Personal information
- Full name: Mathew Stokes
- Nickname: Stokesy
- Born: 22 November 1984 (age 41) Northern Territory, Australia
- Original teams: Palmerston Magpies (NTFL) Woodville-West Torrens (SANFL)
- Draft: No. 61, 2005 National Draft
- Height: 176 cm (5 ft 9 in)
- Weight: 75 kg (165 lb)
- Position: Forward / Midfielder

Playing career^{1}
- Years: Club / Games (Goals)
- 2006–2015: Geelong / 189 (203)
- 2016: Essendon / 011 0(6)
- Total:  / 200 (209)

Representative team honours
- Years: Team / Games (Goals)
- 2007–2009: Indigenous All-Stars / 2 (0)
- 2008: Dream Team / 1 (1)
- ^{1} Playing statistics correct to the end of 2016.^{2} Representative statistics correct as of 2008.

Career highlights
- AFL Premiership: 2007, 2011; AFL Pre-Season Premiership: 2009; McClelland Trophy: 2007, 2008;

= Mathew Stokes =

Australian rules footballer (born 1984)

Mathew Stokes (born 22 November 1984) is a former professional Australian rules footballer who played with the Geelong Football Club and the Essendon Football Club in the Australian Football League (AFL).

==Early life==
Mathew Stokes grew up in Darwin, Australia, with his parents John and Jennifer, and three sisters Jaylene, Anne-Maree and Amy. Stokes' ancestors were Indigenous Australian (Larrakia), Filipino and Spanish. His father is a life member of the Palmerston Magpies, having played 148 games for them in the Northern Territory Football League (NTFL). Growing up, Stokes played basketball, cricket and rugby league, but age restrictions limited his involvement in Australian rules football until he was 11 years old. Stokes' main sporting passion was for basketball, where he played at every junior level growing up and won an under-14s best and fairest award whilst still only seven years of age. When he was finally eligible to play football as an under-14, Stokes forced his way into the Palmerston Magpies senior team at only 14 years of age. In 2002, he was a member of Palmerston's premiership-winning side, and it was then that he began to switch his focus from basketball to football. Stokes' achievements in the local junior leagues saw him selected to represent Australia in the under-17's national team, alongside future AFL players Luke Hodge, Luke Ball and Nick Dal Santo.
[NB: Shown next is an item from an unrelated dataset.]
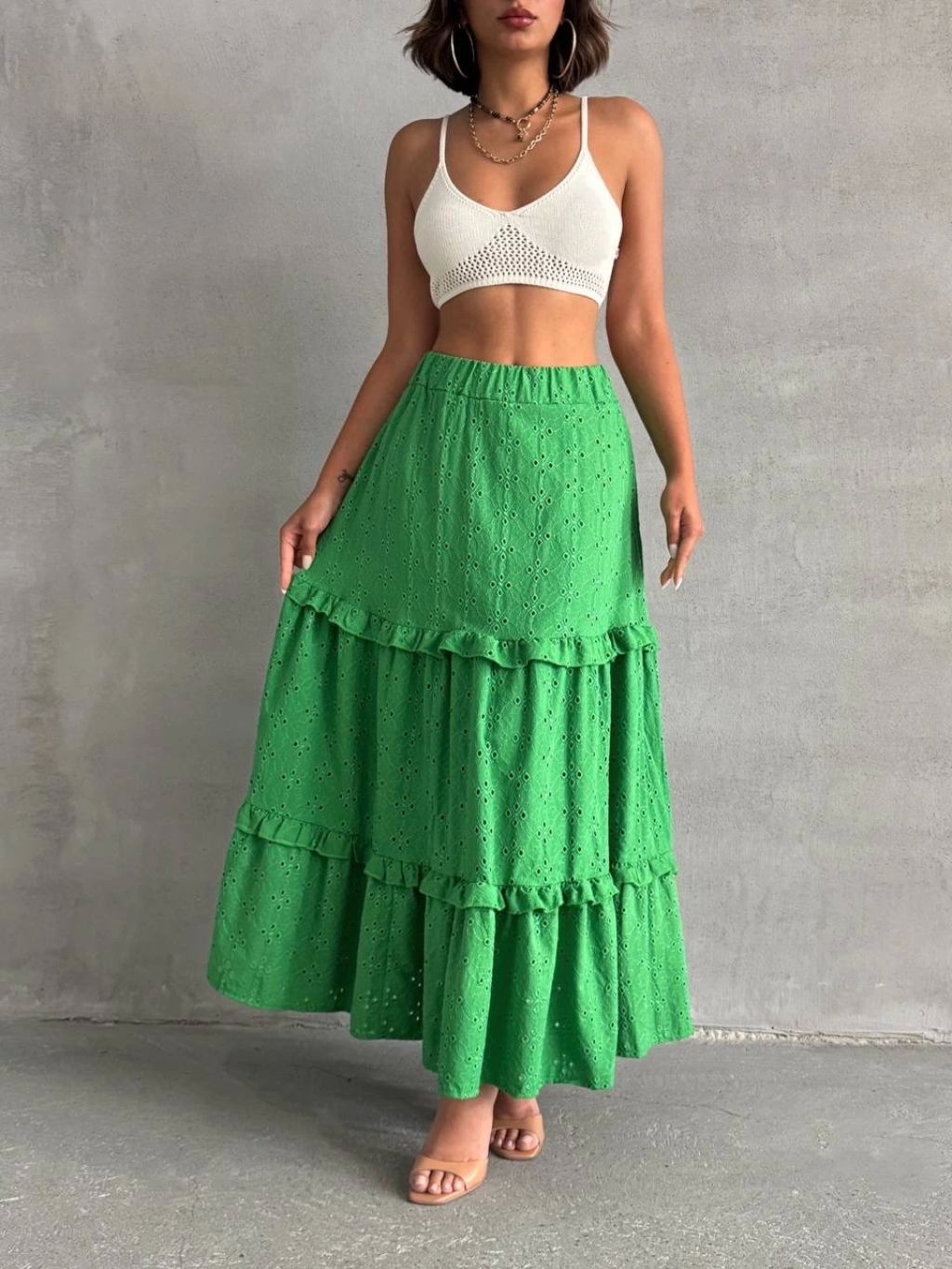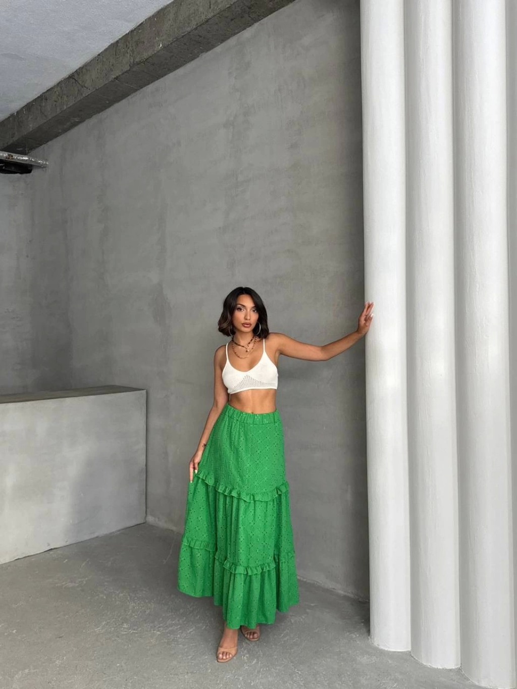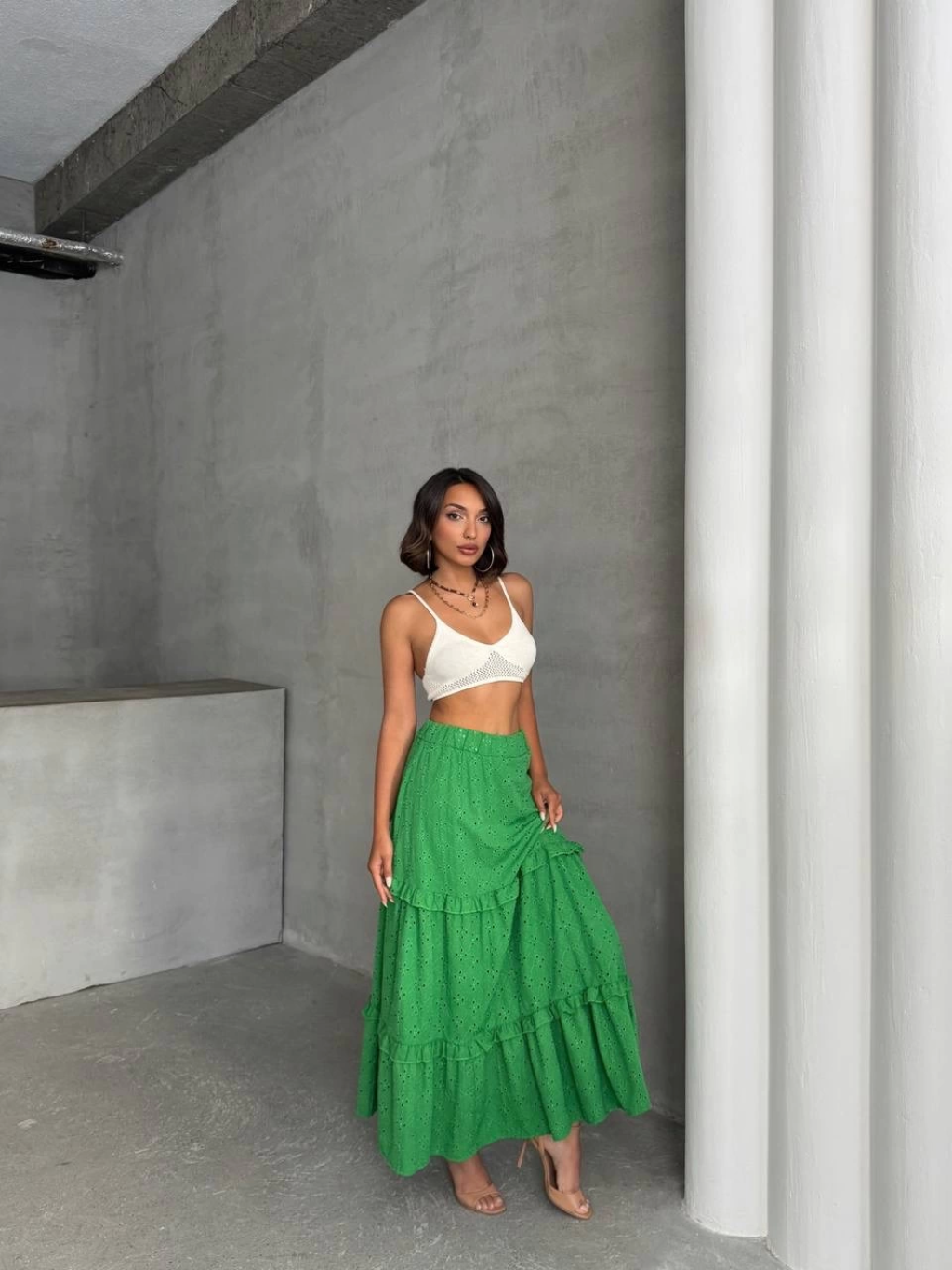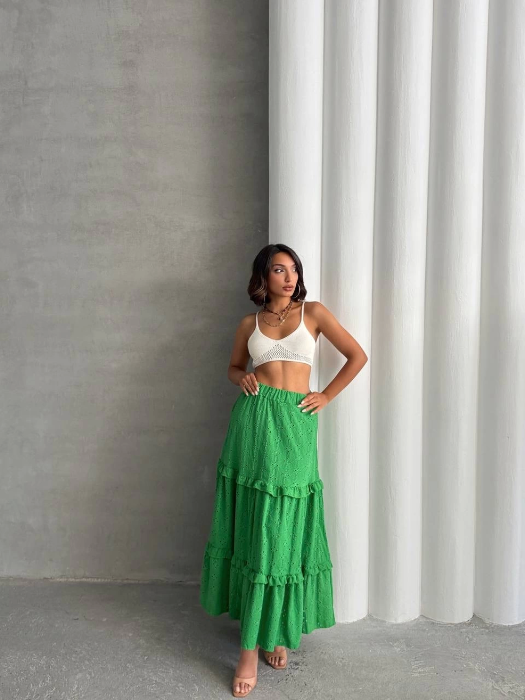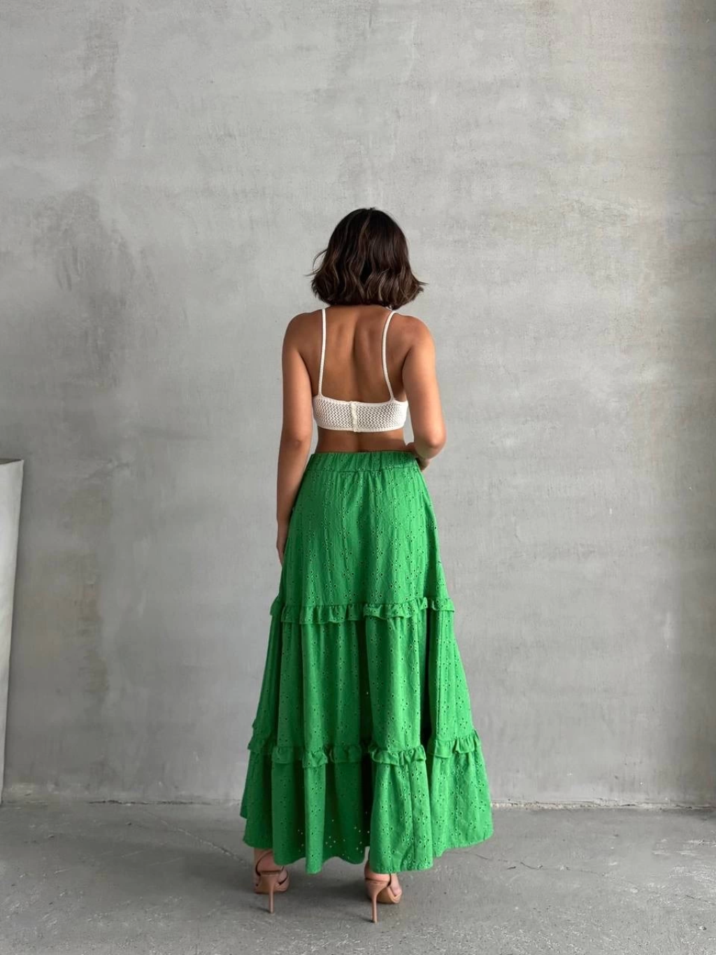 Fırfırlı brodeli astarlı uzun etek yeşil s255047
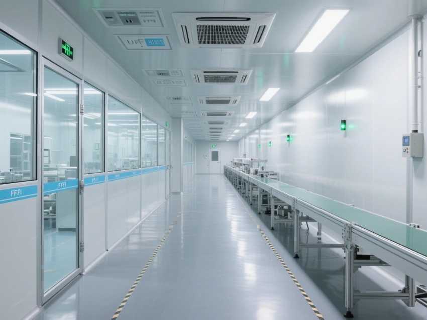 生产线配备全自动晶圆传送机械臂、激光焊接设备,透明防尘罩与实时粒子计数器确保工艺稳定性。走廊设置防静电地板与人员净化通道,风淋时间严格控制在30秒,全方位满足微电子元件的超高洁净生产需求。

Stokes was overlooked in the 2002 AFL draft though, and moved to Adelaide to begin playing in the South Australian National Football League (SANFL) for Woodville-West Torrens. Taking up a part-time job as a zookeeper off the field, Stokes continued to establish himself in the SANFL over the next three years. His persistence paid off when he was selected with the 61st pick in the 2005 AFL draft by the Geelong Football Club.

==AFL career==
It was not until his seventh game, making his mark against Port Adelaide in Round 15, 2006, that he kicked two final-term goals to lift Geelong's finals chances, one of which he marked and kicked from 40m out under pressure. For the rest of the year Stokes was inconsistent and as a result was in and out of the team.

In 2006, Stokes played in Geelong's VFL grand final side, losing to the Sandringham Zebras.

Stokes cemented his spot in Geelong's best 22 players. His best game in the 2007 home-and-away season was against Fremantle, in round 17, when he kicked a career best 5 goals. He was a member of Geelong's 2007 AFL Premiership side, overcoming a dislocated kneecap in the first quarter to make a solid contribution to the team's record 119-point win over Port Adelaide.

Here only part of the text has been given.